On 9/17/2024 4:05 PM, James Clark wrote:
> 
> 
> On 16/09/2024 17:47, Ravi Bangoria wrote:
>> MOTIVATION
>> ----------
>>
>> Existing `perf sched` is quite exhaustive and provides lot of insights
>> into scheduler behavior but it quickly becomes impractical to use for
>> long running or scheduler intensive workload. For ex, `perf sched record`
>> has ~7.77% overhead on hackbench (with 25 groups each running 700K loops
>> on a 2-socket 128 Cores 256 Threads 3rd Generation EPYC Server), and it
>> generates huge 56G perf.data for which perf takes ~137 mins to prepare
>> and write it to disk [1].
>>
>> Unlike `perf sched record`, which hooks onto set of scheduler tracepoints
>> and generates samples on a tracepoint hit, `perf sched stats record` 
>> takes
>> snapshot of the /proc/schedstat file before and after the workload, i.e.

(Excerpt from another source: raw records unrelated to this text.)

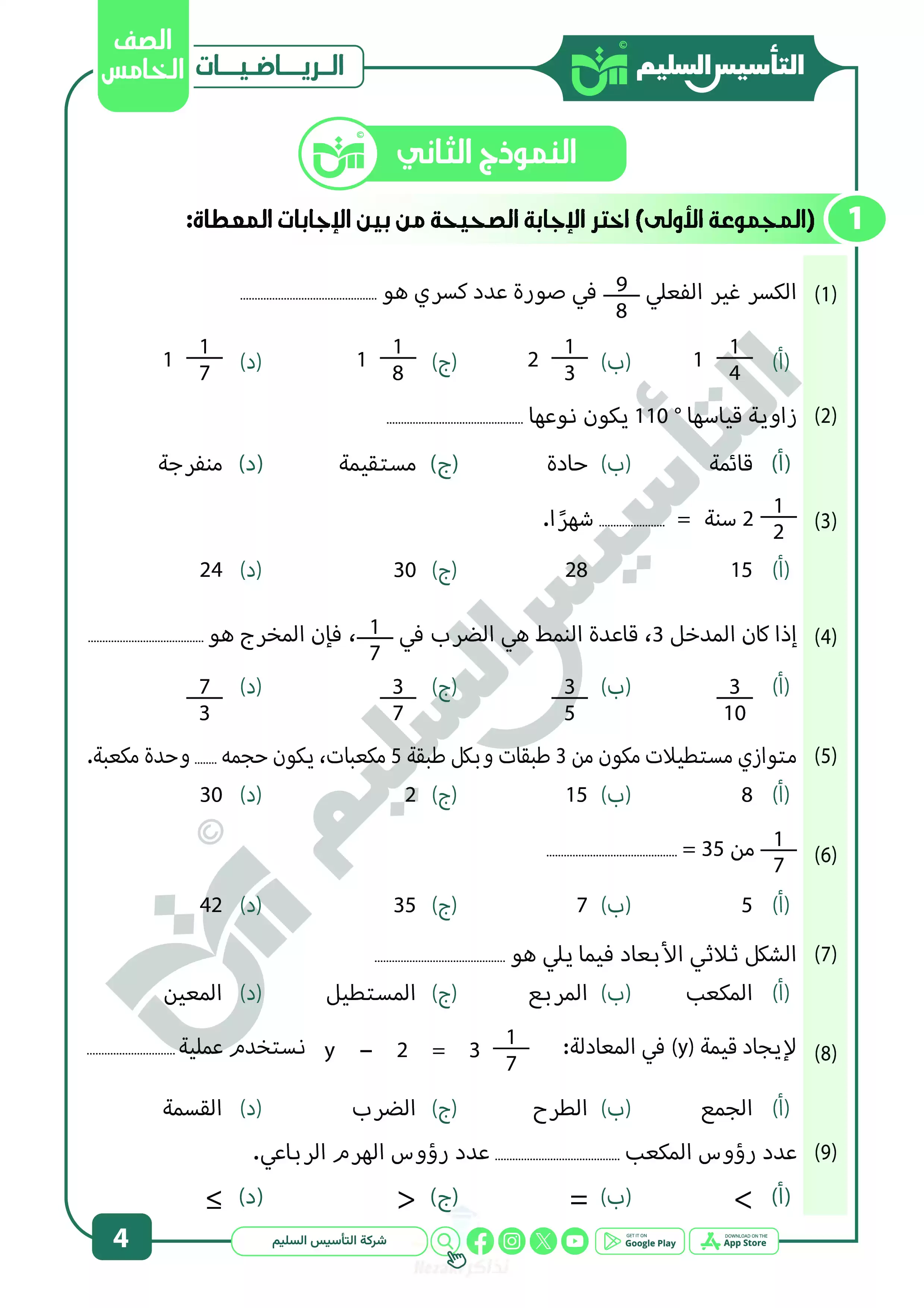 صفحة 4 من 22 صفحة من ملف: نماذج اختبارات ومراجعة الرياضيات النهائية من التأسيس السليم للصف الخامس الابتدائي الترم الثاني 2025 - Nezakr
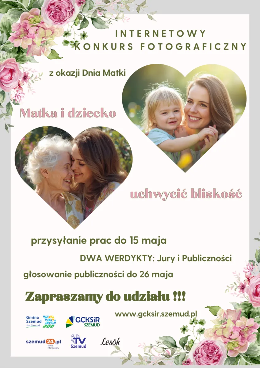 Gminne Centrum Kultury, Sportu i Rekreacji w Szemudzie zaprasza wszystkich pasjonatów fotografii do udziału w konkursie „Matka i dziecko – uchwycić bliskość”, w którym nagrodzone zostaną najpiękniejsze kadry pełne emocji i autentyczności. Konkurs ma charakter otwarty i skierowany jest do fotografów amatorów – osób, które uwieczniają ważne chwile z potrzeby serca. Organizatorzy czekają na zdjęcia ukazujące relację mamy i dziecka bez względu na wiek – mile widziane są zarówno fotografie niemowląt, jak i dorosłych dzieci z ich mamami.
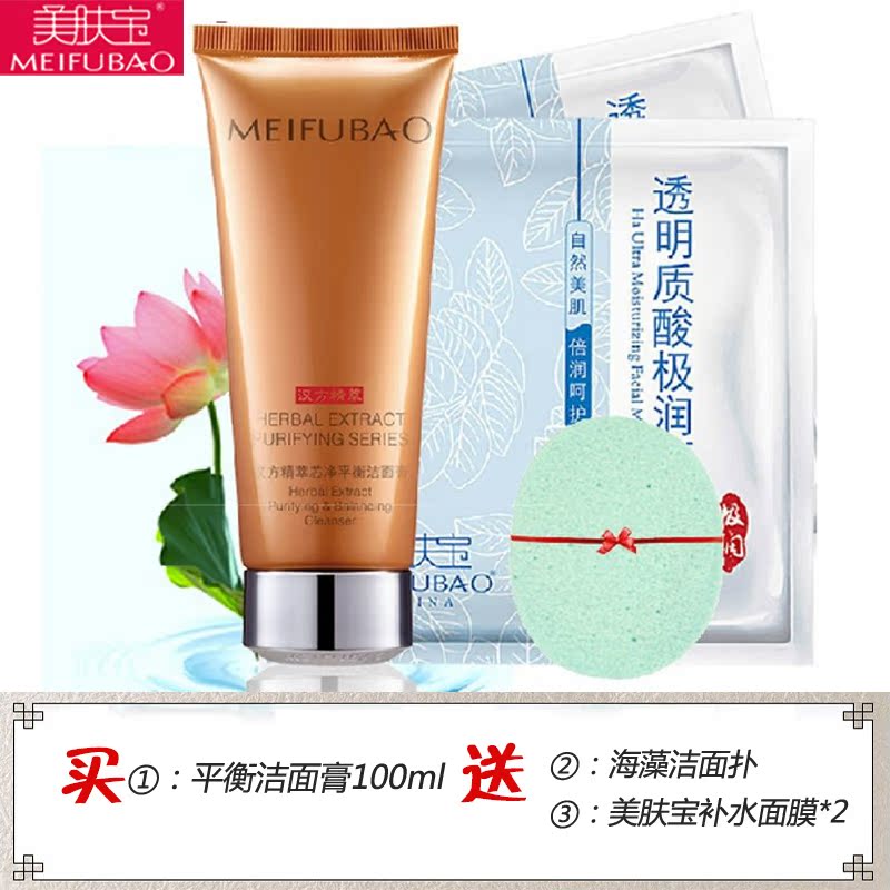 美肤宝汉方精萃芯净平衡洁面膏100ml 清爽控油洗面奶清洁保湿
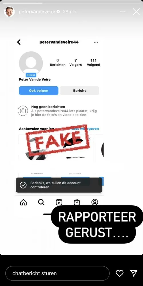 Daarnaast doet Peter ook meteen een oproep aan zijn volgers. “Rapporteer gerust”, zegt hij. Zo zou het profiel mogelijk verwijderd kunnen worden.
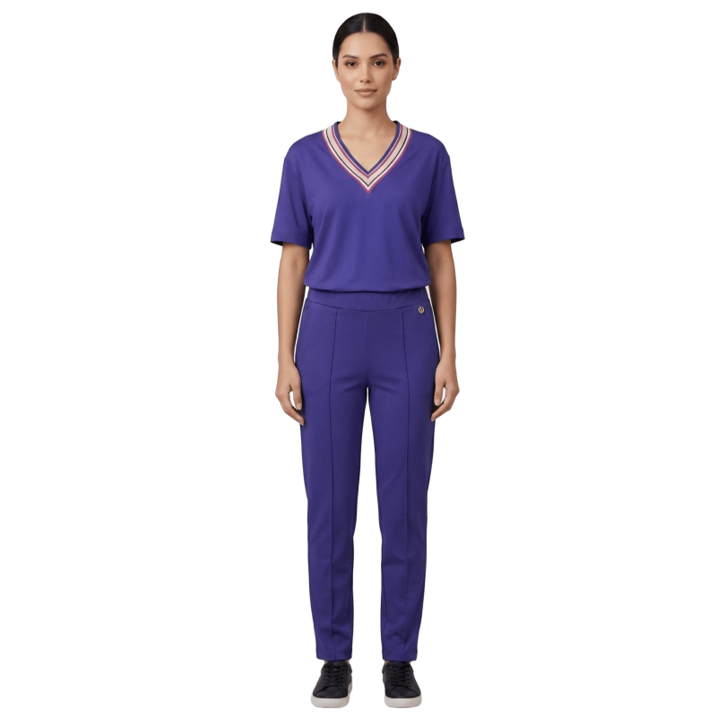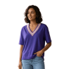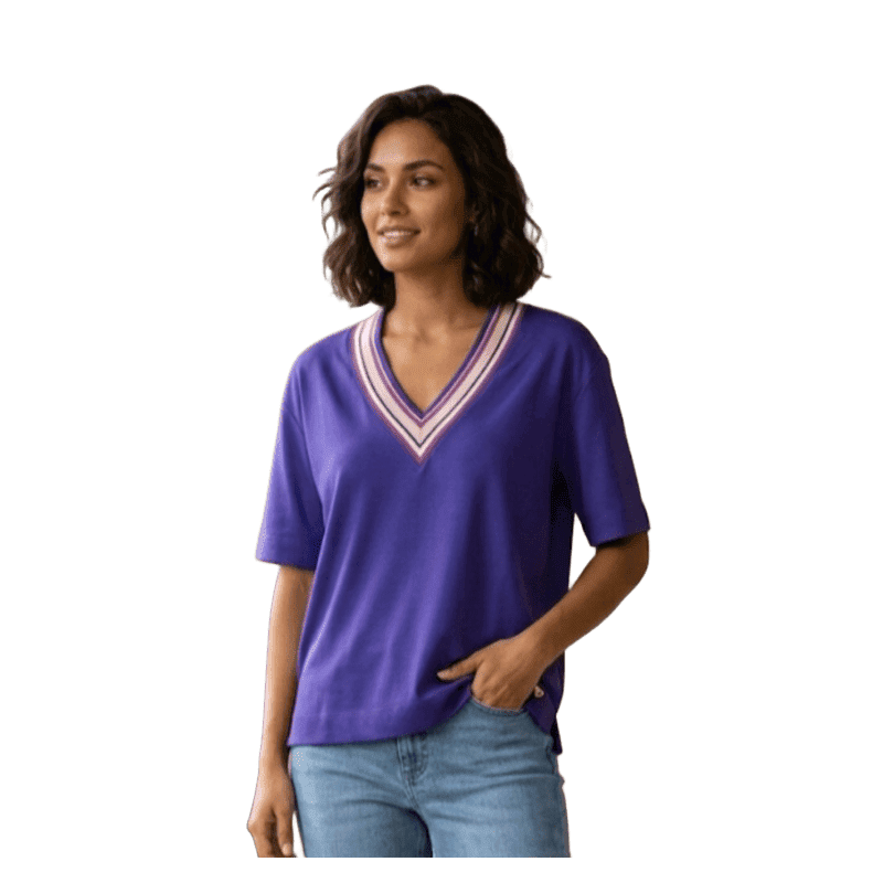 Camiseta en punto de seda y escote en pico SCUSI. Una camiseta sport chic. Puedes combinarla con su pantalón a juego. Ideal para esta nueva temporada primavera-verano.
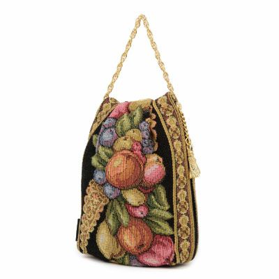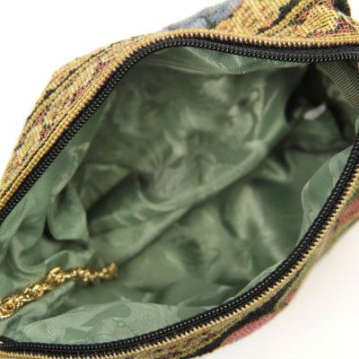 素材 | 表地原産国 | イタリア | 表地 | ビスコース68%・アクリル28%・ポリエステル2%・ナイロン2% | 裏地 | ポリエステル100% | その他 | ハンドル:メタルチェーン | | - | サイズ(約) | 本体(突起部を除く最大) | H 16 × W 12.5 × D 6.5 cm | ハンドル立ち上がり | 9cm | ショルダーストラップ長さ | -/- | 重さ | 100g | | 仕様 | 開口部 | サイドファスナー式 | 内側 | - | 外側 | - | その他 | 作品により柄の出方が異なる場合があります | 補足情報 | - | |
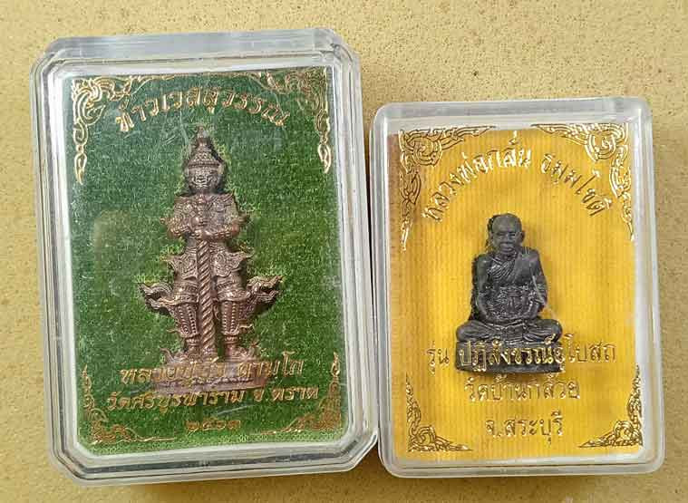รูปหล่อท้าวเวสสุวรรณรุ่นแรก .เนื้อสัมฤทธิ์ หมายเลข3942 หลวงปู่บัว วัดศรีบุรพาราม + รูปหล่อหลวงพ่อกลั่น วัดพระญาติ ออก วัดบ้านกล้วย สระบุรี หลวงปู่ร่วมปลุกเสก |
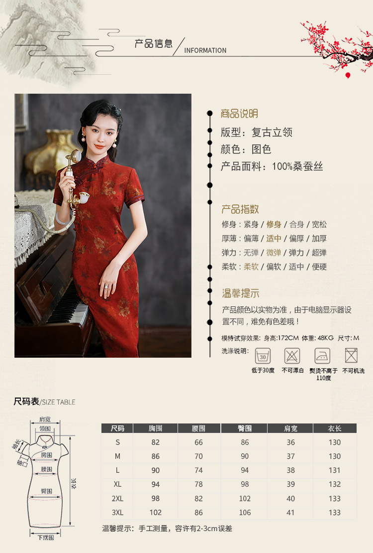 B1416真丝旗袍长款2025季新款改良桑蚕丝复古时尚少女中国风连衣裙
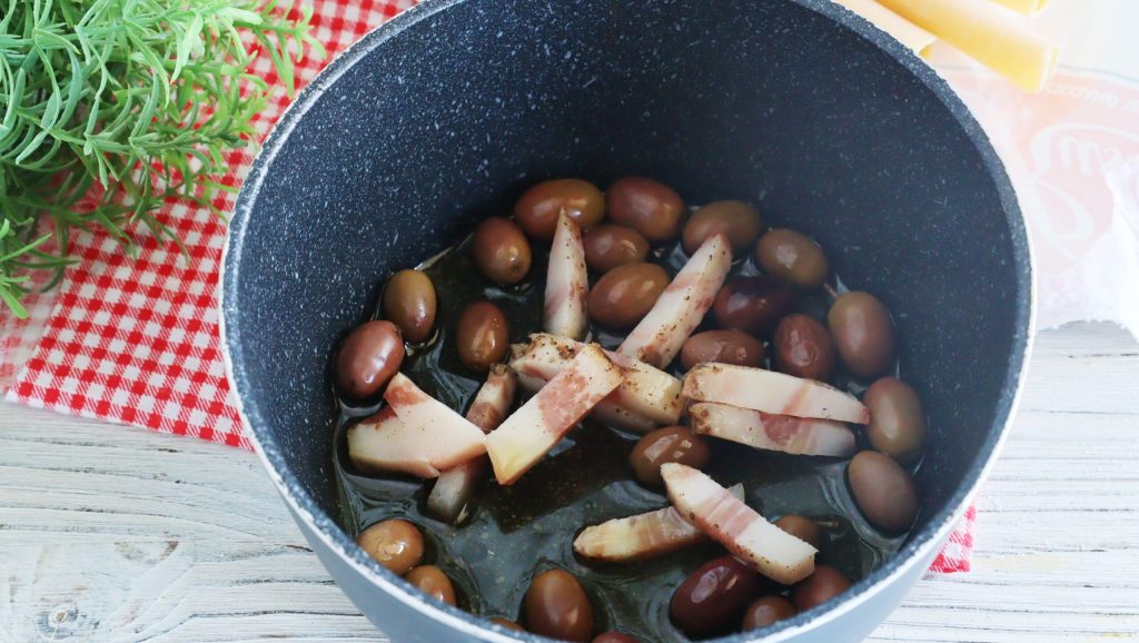 In the small pan with a little extra virgin olive oil, brown the guanciale with the olives.
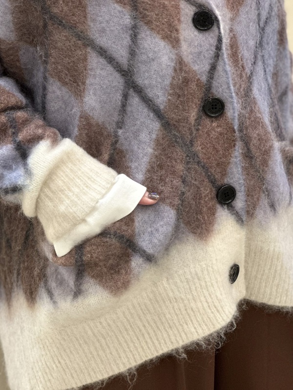 まずご紹介するのは今季注目のおすすめアイテムモヘアカーディガン
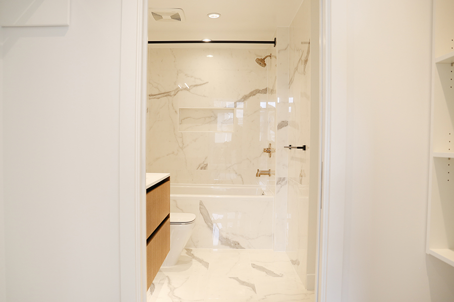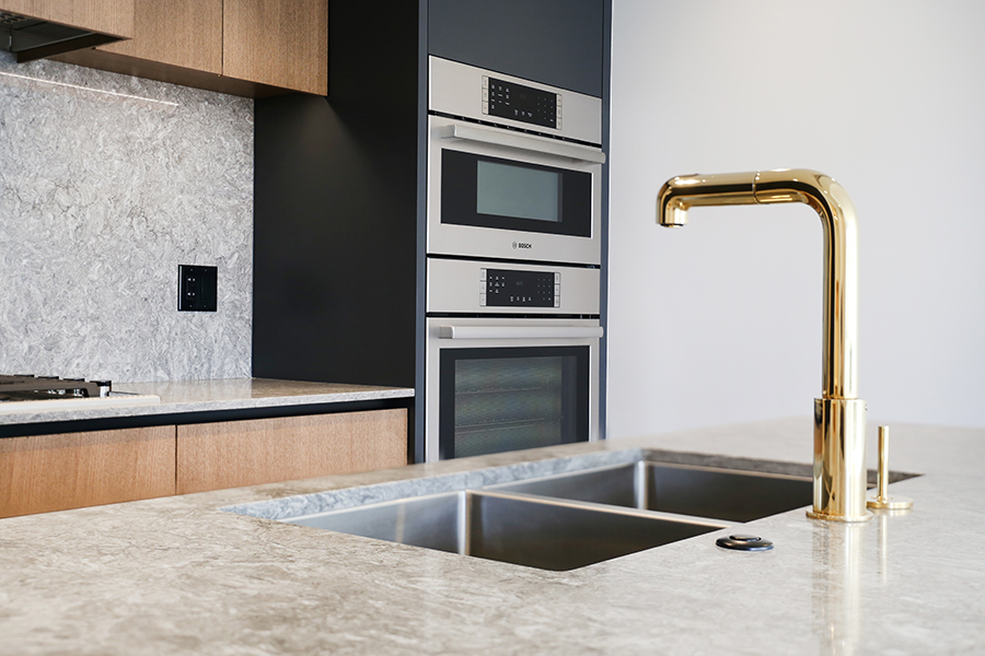 Features Include: Open plan living, Premium integrated appliances: Fridge, Dishwasher, Gas Cooktop, Wall & Speed Oven, Quartz countertop and backsplash, Large kitchen island, Engineered herringbone flooring , High efficiency heating and air conditioning, Spacious bedrooms with walk-in-closet and ensuite bathroom with in floor heating , Large patio, In-suite washer and dryer
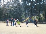朝は、寒いですが、お昼休み時間になると運動場もぽかぽかです。子どもたちは、1月から仲良し班で、長縄跳びの練習をしています。1年生も上級生の教えの下に上手に跳べるようになっています。各班、張り切っています。
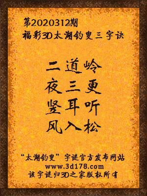 解3d第2020312期太湖字谜:
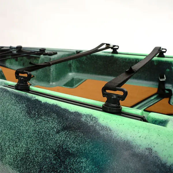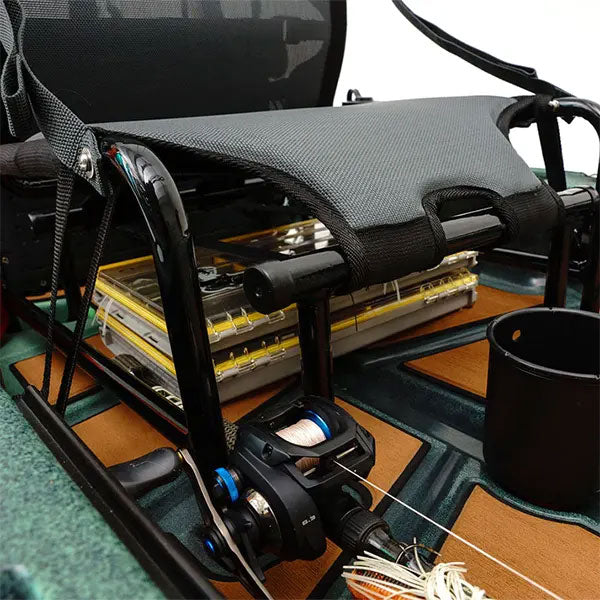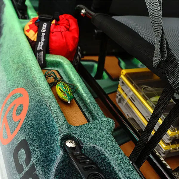 The cockpit of the CK2 Venture has ample leg room with adjustable foot tracks for paddlers of all sizes. This model comes standard with a full teak pad kit that pairs beautifully with the Moss colorway for added comfort, noise reduction, and aesthetics. The High Chair is fully adjustable and comfortable with an extra 2.5" of closed-cell foam padding. Dual Stash Trays, cupholders, YakAttack GearTracs, and ample room under the seat provide all of the necessary room for your gear and essentials.

>> there is almost zero interference on workload run. Also, it takes very
>> minimal time to parse /proc/schedstat, convert it into perf samples and
>> save those samples into perf.data file. Result perf.data file is much
>> smaller. So, overall `perf sched stats record` is much more light weight
>> compare to `perf sched record`.
>>
>> We, internally at AMD, have been using this (a variant of this, known as
>> "sched-scoreboard"[2]) and found it to be very useful to analyse impact
>> of any scheduler code changes[3][4].
>>
>> Please note that, this is not a replacement of perf sched record/report.
>> The intended users of the new tool are scheduler developers, not regular
>> users.
>>
>> USAGE
>> -----
>>
>>    # perf sched stats record
>>    # perf sched stats report
>>
>> Note: Although `perf sched stats` tool supports workload profiling syntax
>> (i.e. -- <workload> ), the recorded profile is still systemwide since the
>> /proc/schedstat is a systemwide file.
>>
>> HOW TO INTERPRET THE REPORT
>> ---------------------------
>>
>> The `perf sched stats report` starts with total time profiling was active
>> in terms of jiffies:
>>
>>    
>> ----------------------------------------------------------------------------------------------------
>>    Time elapsed (in jiffies)                                   :       
>> 24537
>>    
>> ----------------------------------------------------------------------------------------------------
>>
>> Next is CPU scheduling statistics. These are simple diffs of
>> /proc/schedstat CPU lines along with description. The report also
>> prints % relative to base stat.
>>
>> In the example below, schedule() left the CPU0 idle 98.19% of the time.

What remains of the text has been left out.